Back in 1967, when Edward Abbey wrote Desert Solitaire, he said: "This is the most beautiful place on earth." At the time, he was working for $1.95 per hour as a seasonal ranger in what was then called Arches National Monument. Who am I to disagree with that impressive sentiment? Abbey roamed around the slickrock desert, taking it all in, allowing the sand critters and the sandstone monoliths to engage his senses, not hesitant to grovel in the gritty earth if that is what it took to come to grips with his pure, hallucinatory surroundings.
He kept a journal, the rough pages of which became his most famous work. But Abbey knew full well that trying to describe in words what he was experiencing in Arches was beyond his, or anyone's, ability. He tried to evoke a world, not describe it. He said: "Language makes a mightly loose net with which to go fishing for simple facts, when facts are infinite." I thought about that this past Sunday as I walked through the Devils Garden section of the park, stopping often just to gaze, constantly having to resist the urge to take yet another photograph of yet another gnarled, aged, beautiful juniper tree. The significance of a place such as this, said Abbey, is in its power "to compel us into a reawakened awareness of the wonderful." And I was so aware that there were moments when, had I let myself go, I could easily have burst into tears.
But wherever I might wander in Arches, squeezing through the narrow red fins and rock formations in the maze called Fiery Furnace, or watching the marvel of the sun setting behind Delicate Arch with the La Sal mountains off in the distance about twenty miles away, I always return to the center of the park, the godhead watching over the immensity of the land, the Balanced Rock.

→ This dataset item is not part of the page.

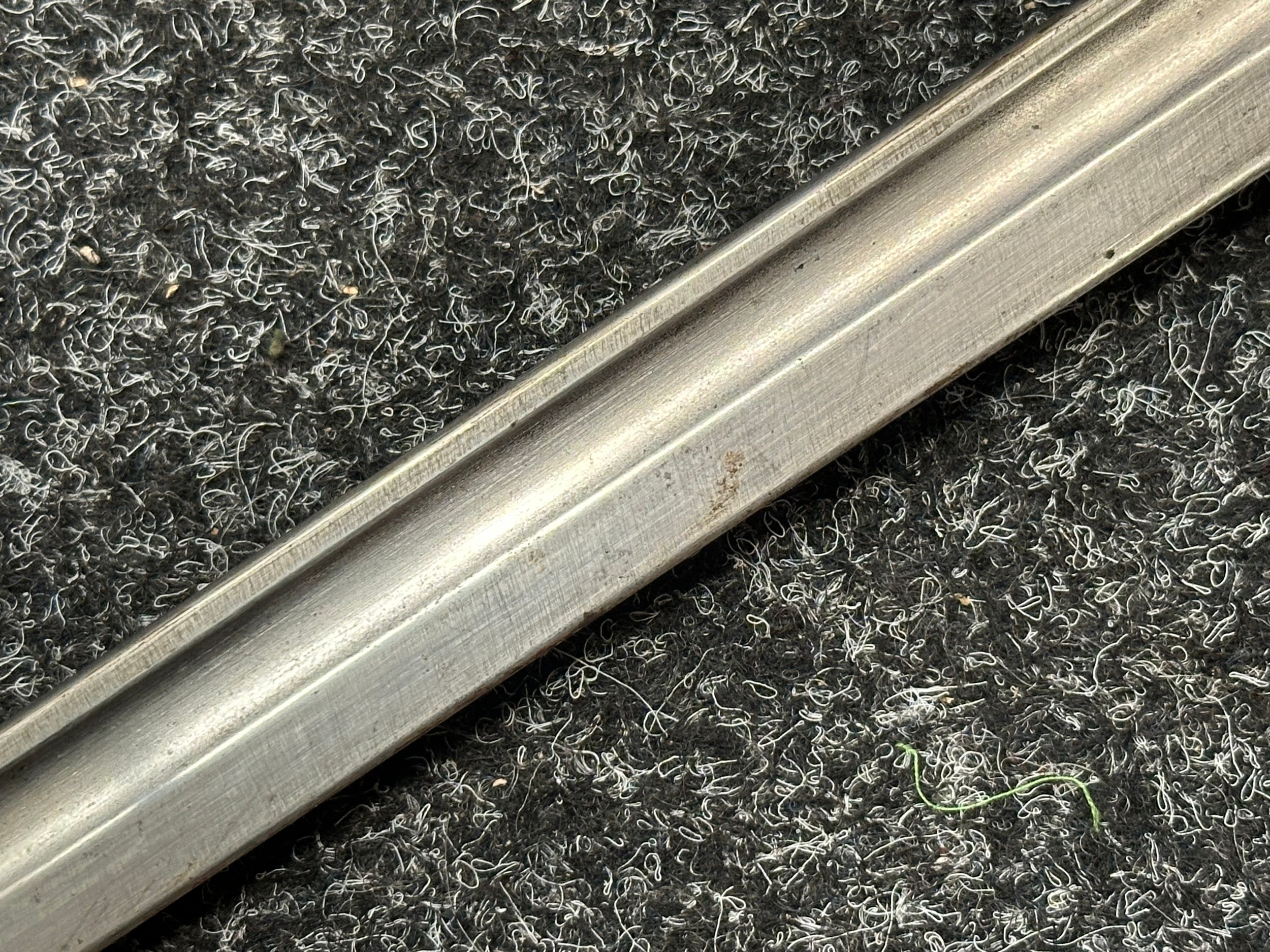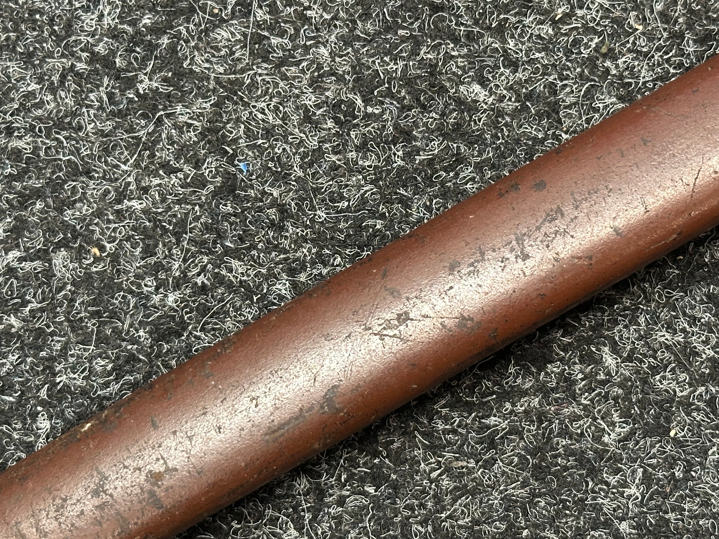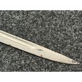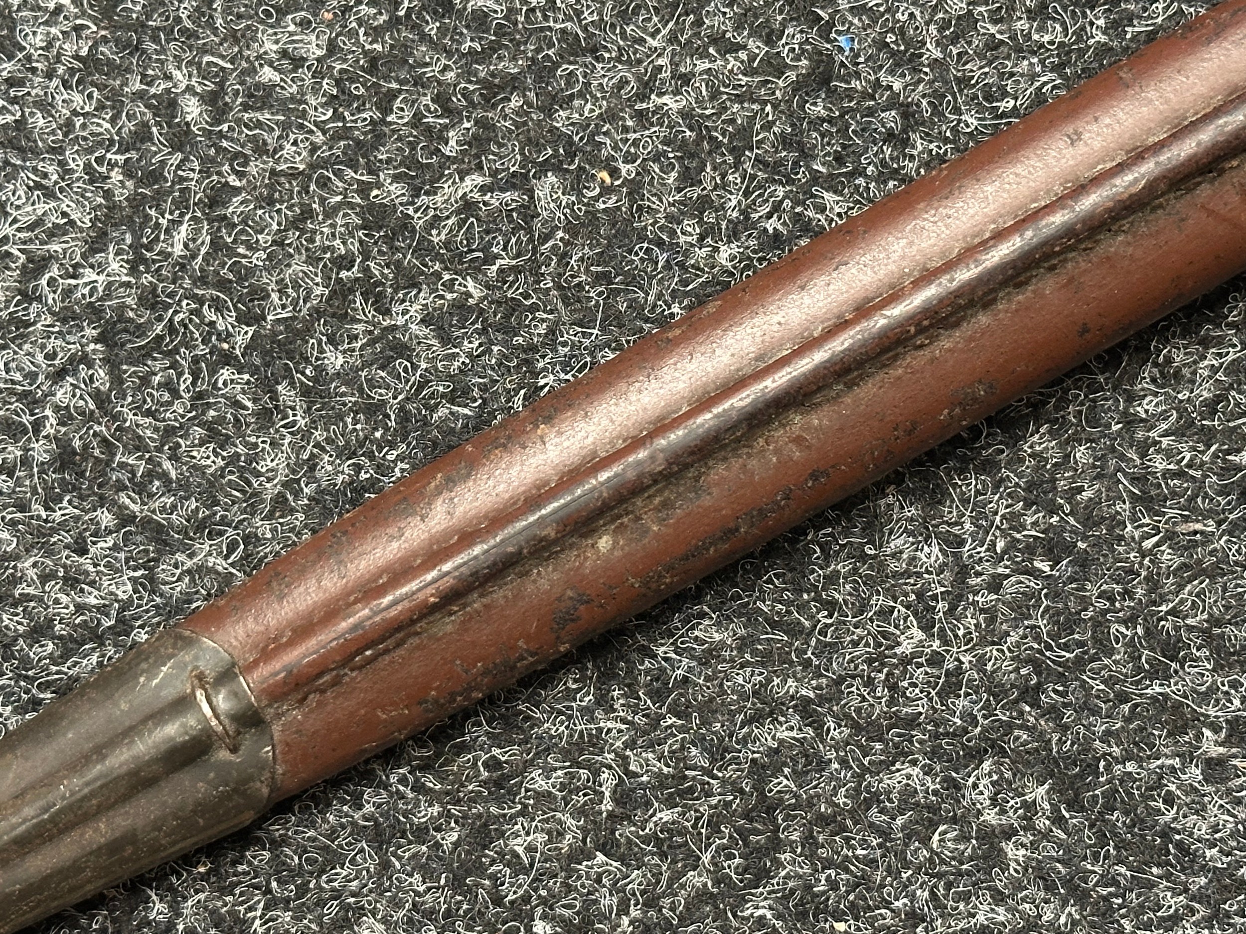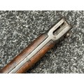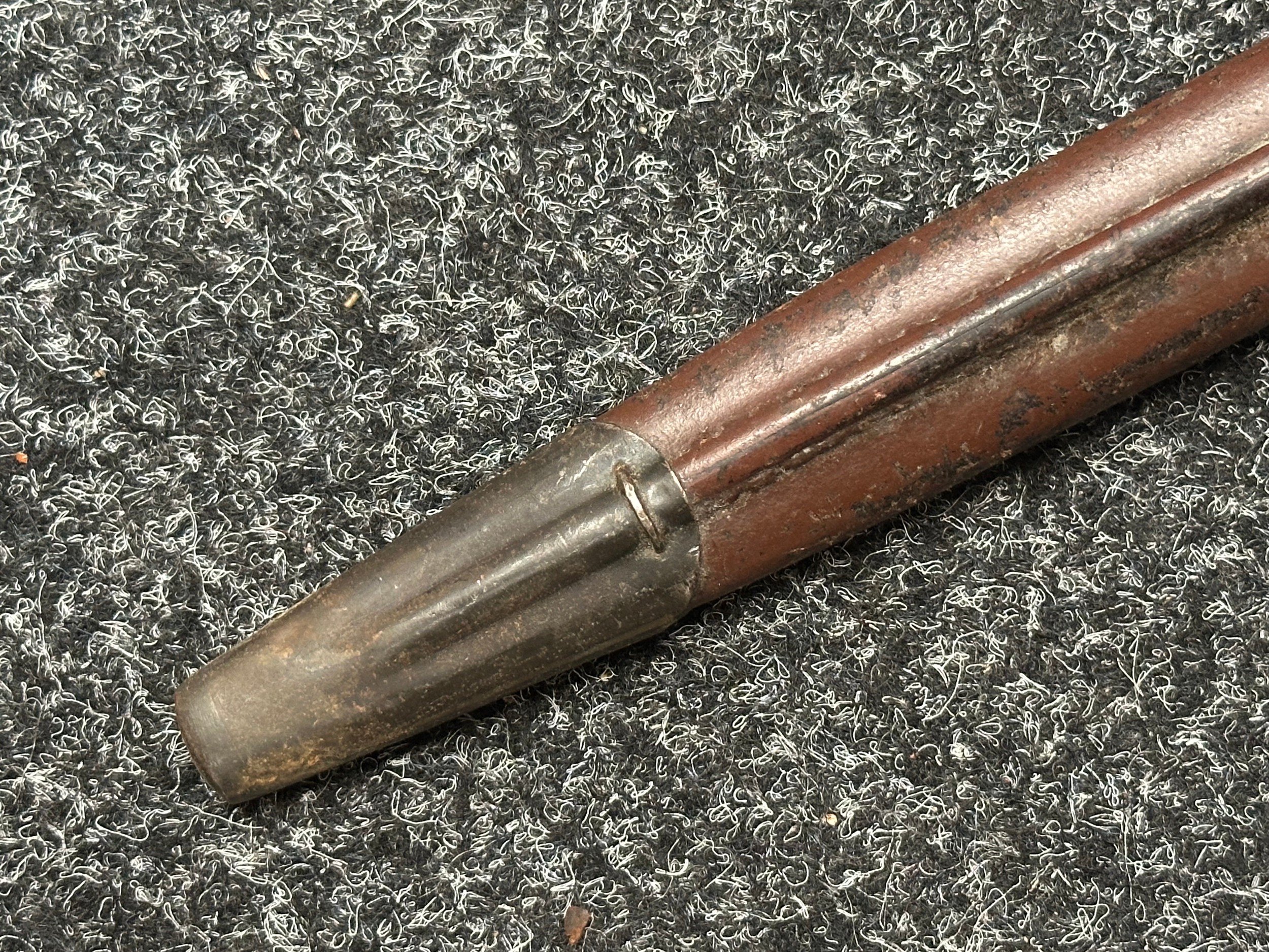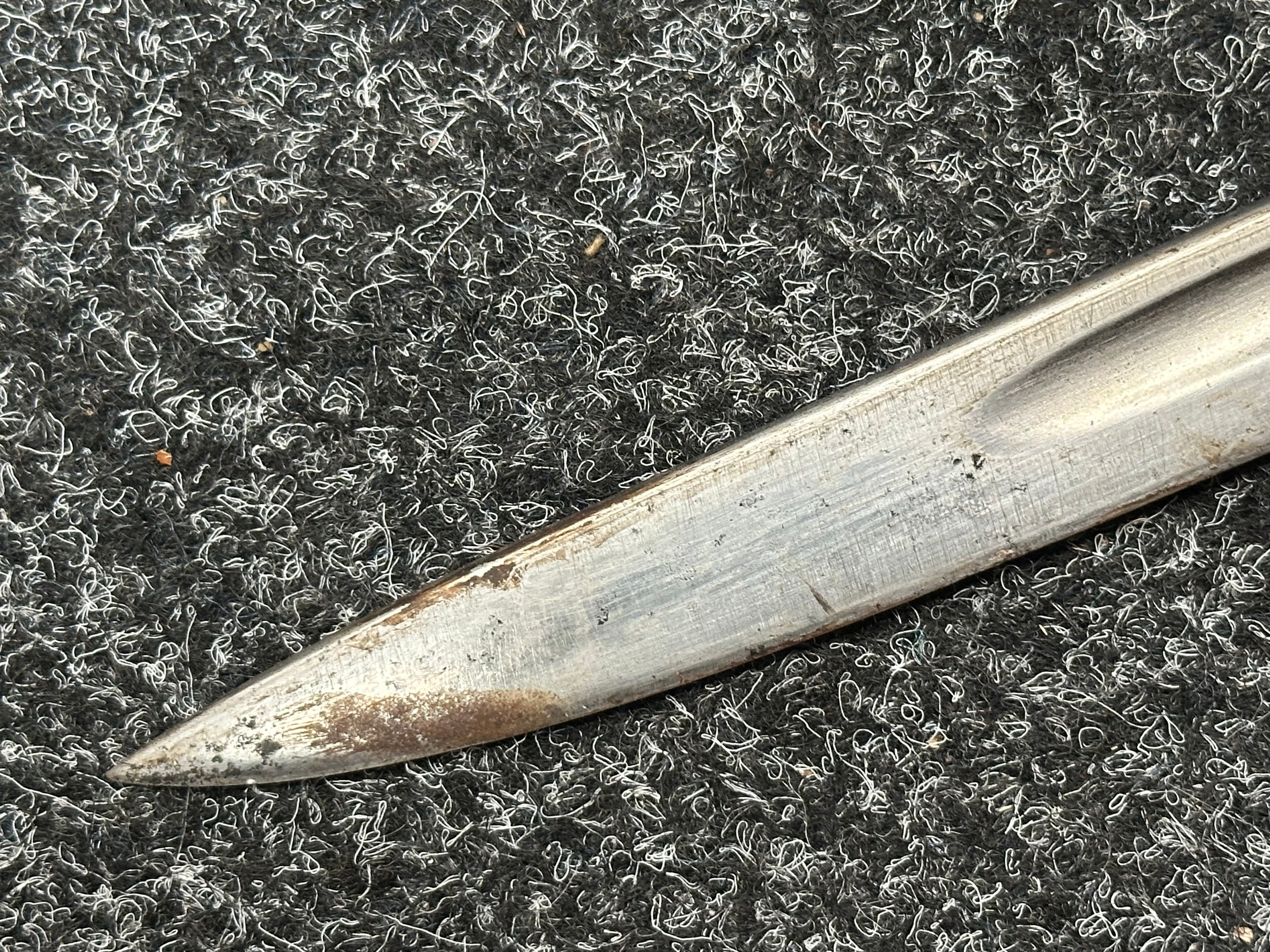 British 1907 Pattern Bayonet with single edged fullered blade 434mm in length, Enfield inspection marked with WD Broad Arrow, dated '23. Wooden grips, working release catch. Overall length 557mm. Complete with in Australian made scabbard, marked "Mangrovite 42"

One has to drive about nine miles past the visitor center, well into the park, to get to this 128' tall wonder. Edward Abbey lived in a trailer in this area back before the road into the park was paved, before it was even officially a "Park." One evening he encountered some land surveyors who told him they were measuring out the way to pave the road through Abbey's wonderland. The vision of all the tourists arriving in their cars, smelling of cheap motel soap, ill-equipped (in Abbey's mind) to appreciate his desert world, was too much for him. Once the road engineers drove off, Abbey followed their course back toward headquarters, walking for miles, pulling up each and every survey stake and tossing them away, hiding the bright ribbons under rocks, knowing all the while it was a futile effort, but "it made me feel good."